A Machine Learning-based Recommendation System for Swaptions Strategies
This work addresses a specific need for derivative traders by providing a recommendation system for exotic swaption strategies, though it appears incremental as it applies existing methods to a new financial domain.
The paper tackled the problem of derivative traders needing to scan numerous trades daily by developing a machine learning-based recommendation system for Mid-Curve Calendar Spread (MCCS) swaption strategies, finding that linear regression with lasso regularization performed best among 11 predictive models and 4 benchmarks.

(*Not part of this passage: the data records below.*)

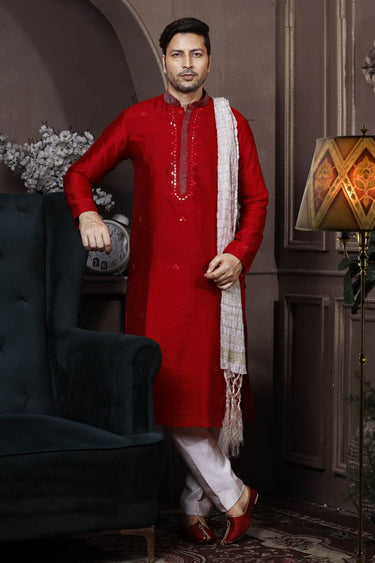 Red Color Silk Fabric Wedding Wear Designer Readymade Kurta Pyjama For Men
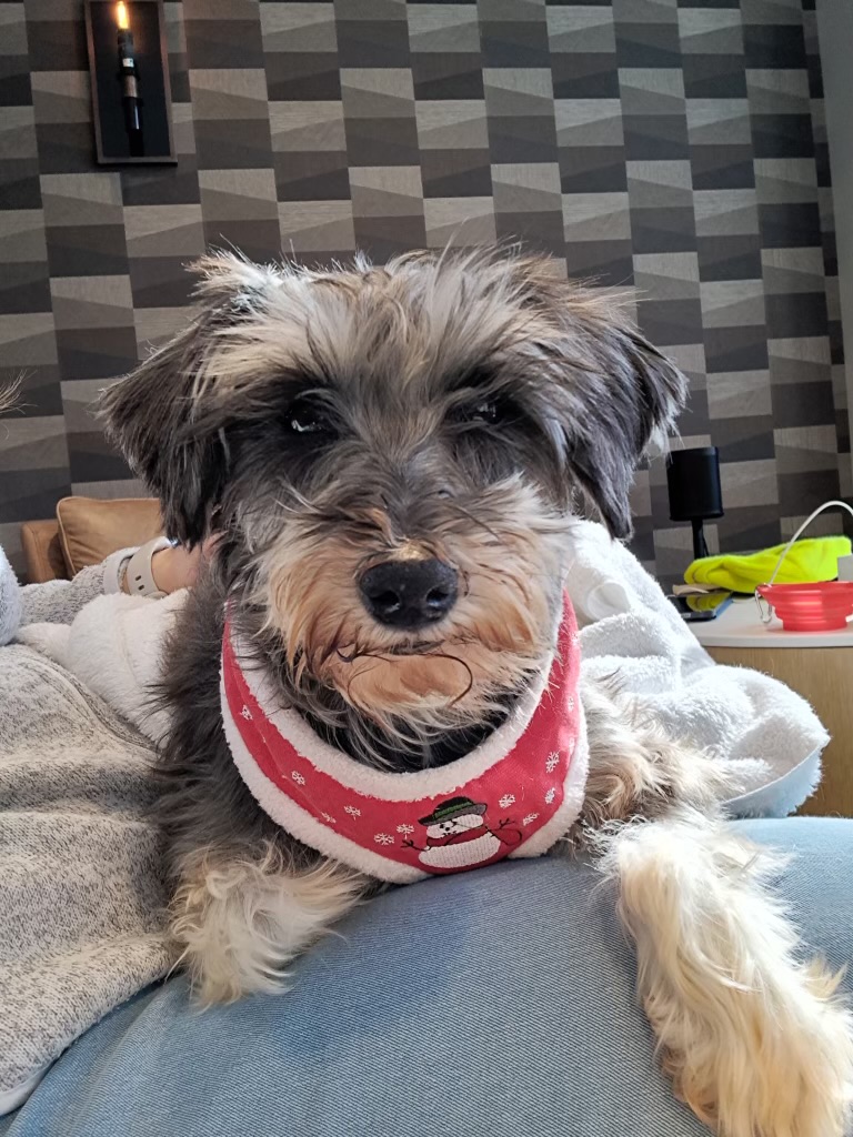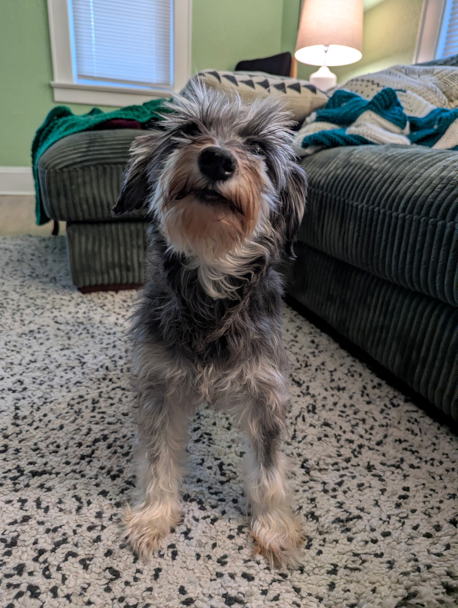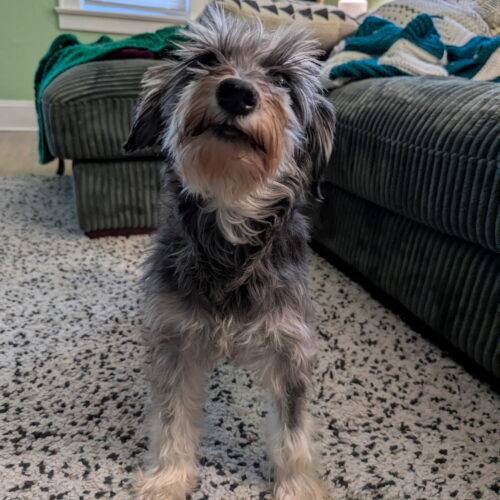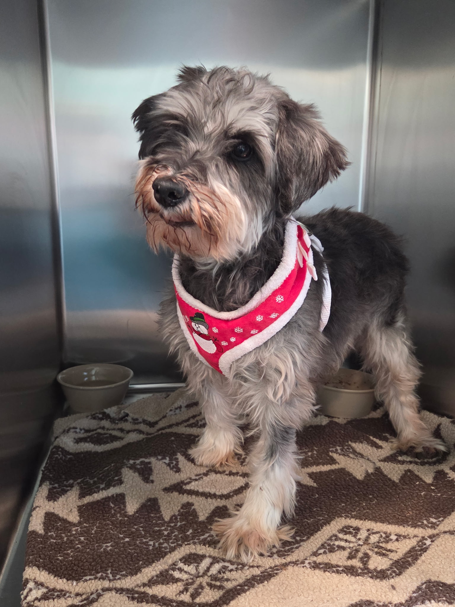 Sweet June Bug the Miniature Schnauzer comes to us from a Pennsylvania puppy mill. She is 6.5 years old and weighs 16 pounds.
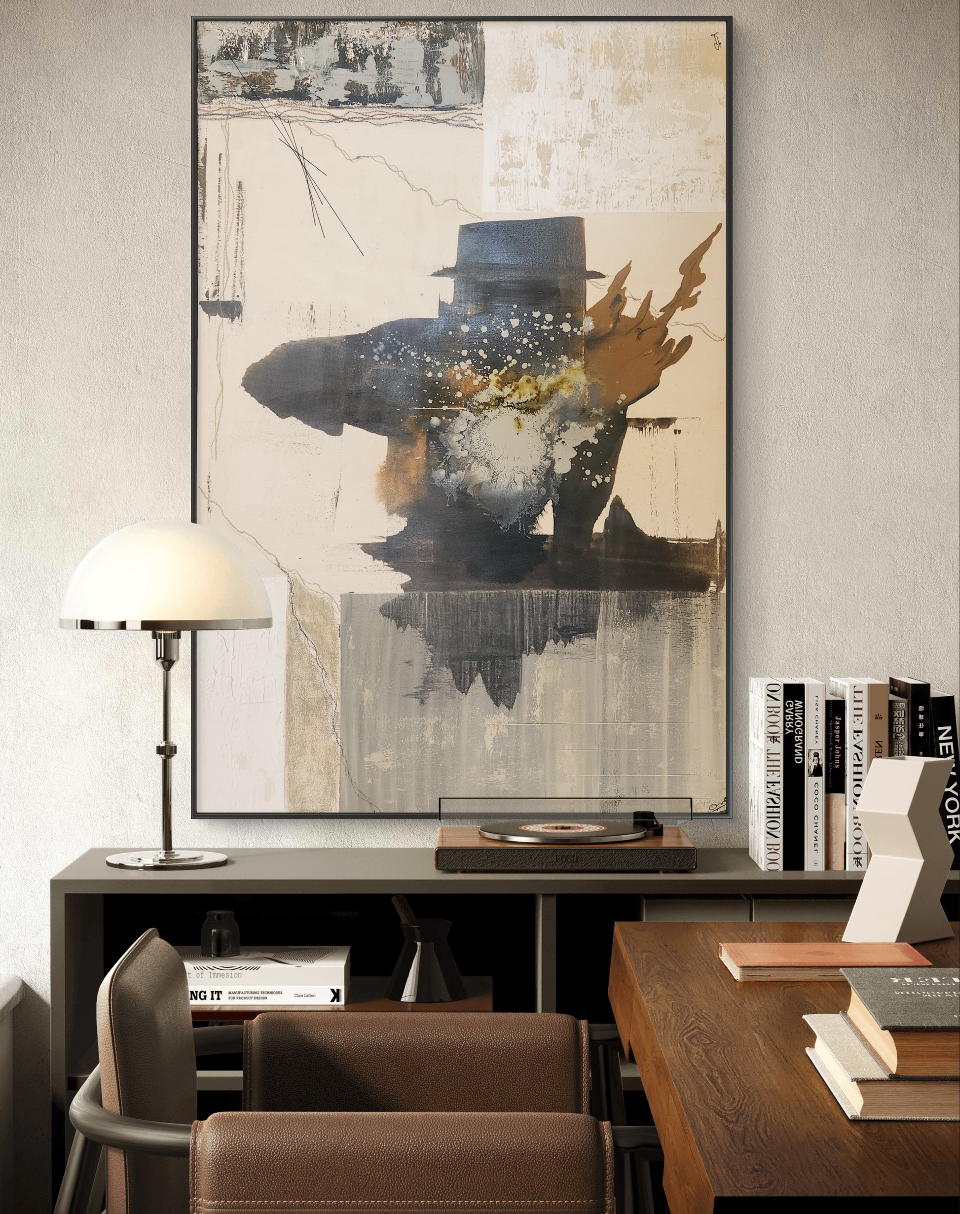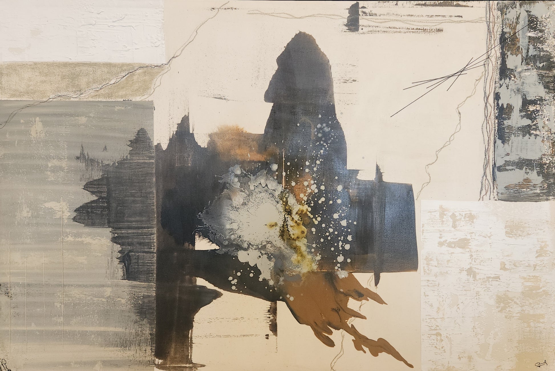 Contrastes de tiempo explora la tensión entre lo visible y lo oculto, lo efímero y lo permanente. A través de materiales mixtos y aplicaciones de hilo, la obra crea un entramado que oscila entre la memoria y la transformación. La silueta abstracta se fragmenta en capas que evocan instantes superpuestos, invitando al espectador a contemplar cómo el tiempo deja huellas en la materia y en la percepción.
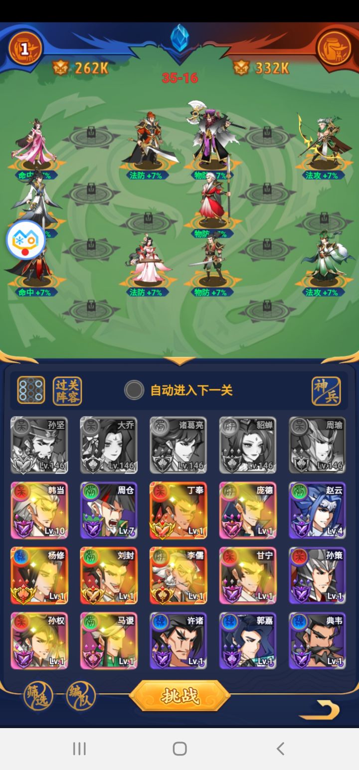 这里给大家推荐一下过图神器搭配,目前最强过图阵容,50关以后偶尔要用到孙坚聚怪给吕布打。
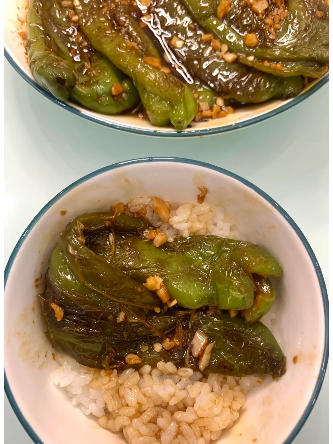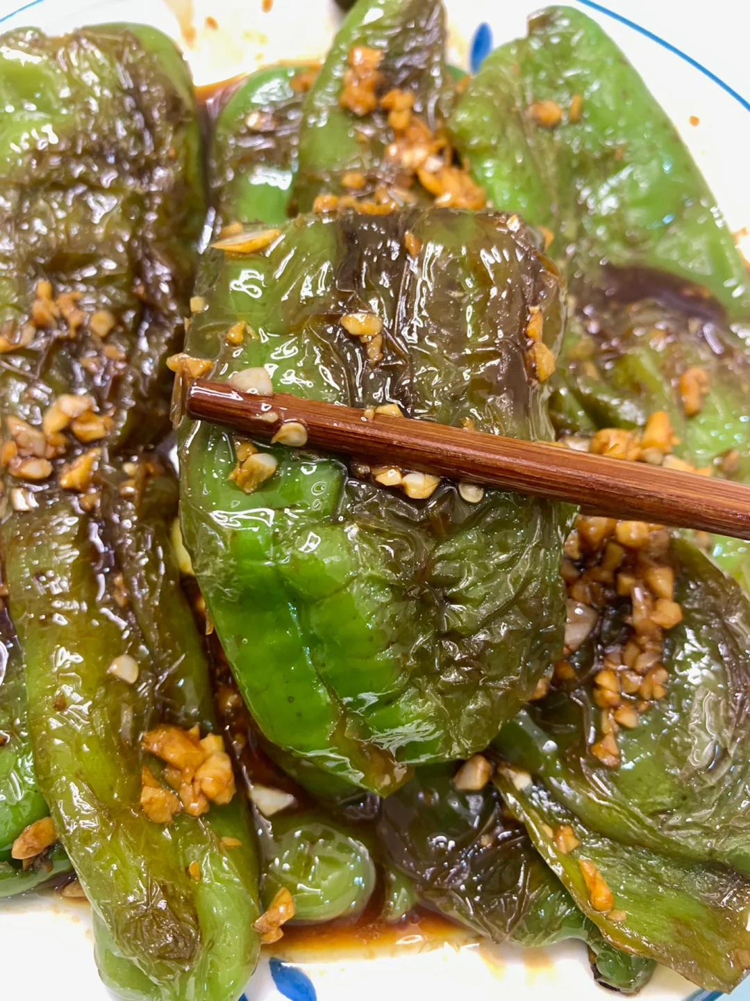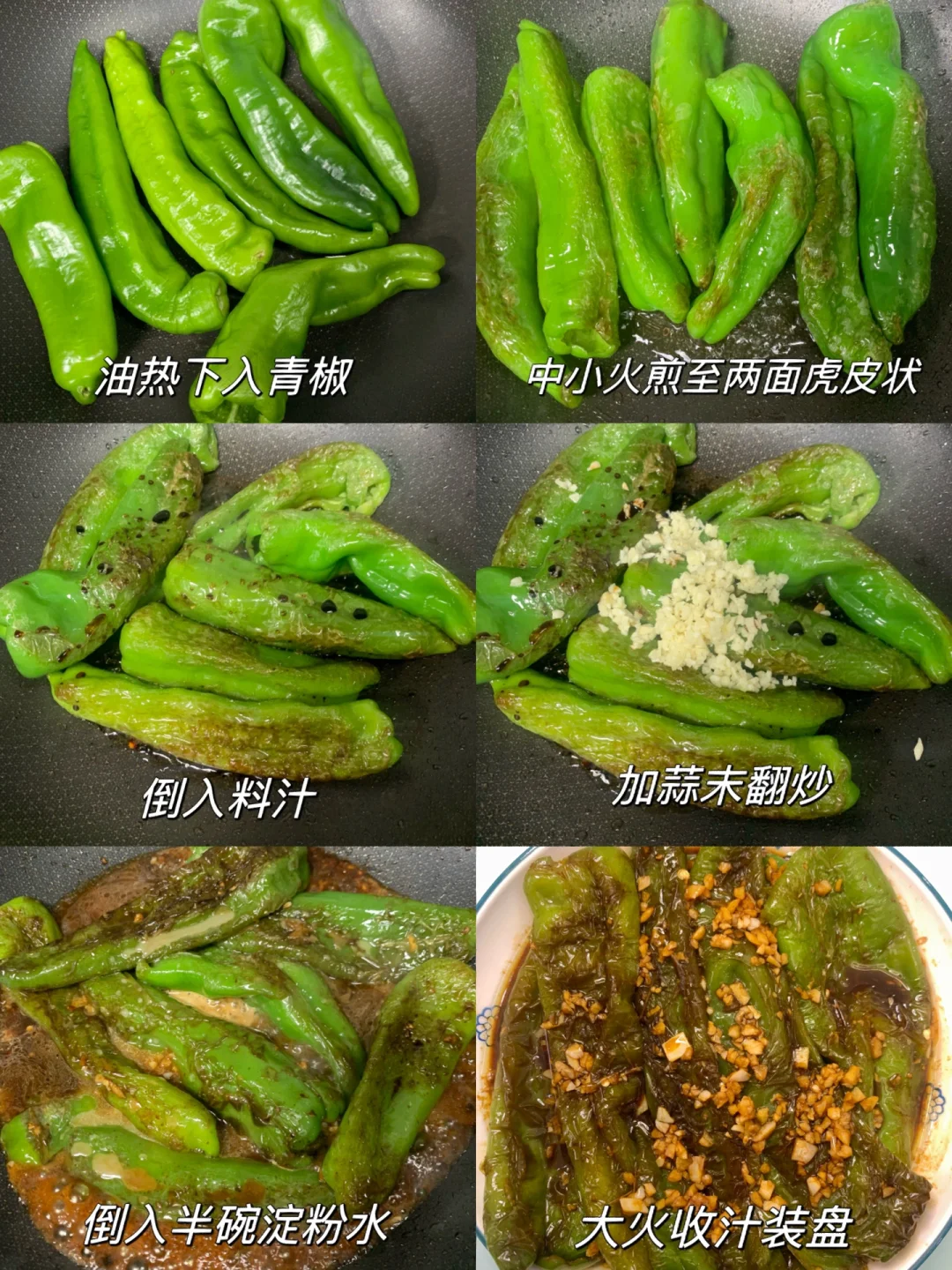 青椒这么做,比肉都好吃‼️配上浓郁的汤汁,一道菜足以消灭两碗米饭!没吃过的一定要试试[派对R] 食材:青椒、蒜 做法: 1⃣️调个料汁:2勺生抽➕一勺老抽➕一勺蚝油➕2勺醋➕一勺白糖搅拌均匀 2⃣️青椒洗净去蒂去籽,擦开水分,油热中小火炸至两面虎皮状 3⃣️倒入料汁翻炒均匀,加入蒜末翻炒,最后倒入半碗淀粉水大火煮至汤汁浓稠即可

Derivative traders are usually required to scan through hundreds, even thousands of possible trades on a daily basis. Up to now, not a single solution is available to aid in their job. Hence, this work aims to develop a trading recommendation system, and apply this system to the so-called Mid-Curve Calendar Spread (MCCS), an exotic swaption-based derivatives package. In summary, our trading recommendation system follows this pipeline: (i) on a certain trade date, we compute metrics and sensitivities related to an MCCS; (ii) these metrics are feed in a model that can predict its expected return for a given holding period; and after repeating (i) and (ii) for all trades we (iii) rank the trades using some dominance criteria. To suggest that such approach is feasible, we used a list of 35 different types of MCCS; a total of 11 predictive models; and 4 benchmark models. Our results suggest that in general linear regression with lasso regularisation compared favourably to other approaches from a predictive and interpretability perspective.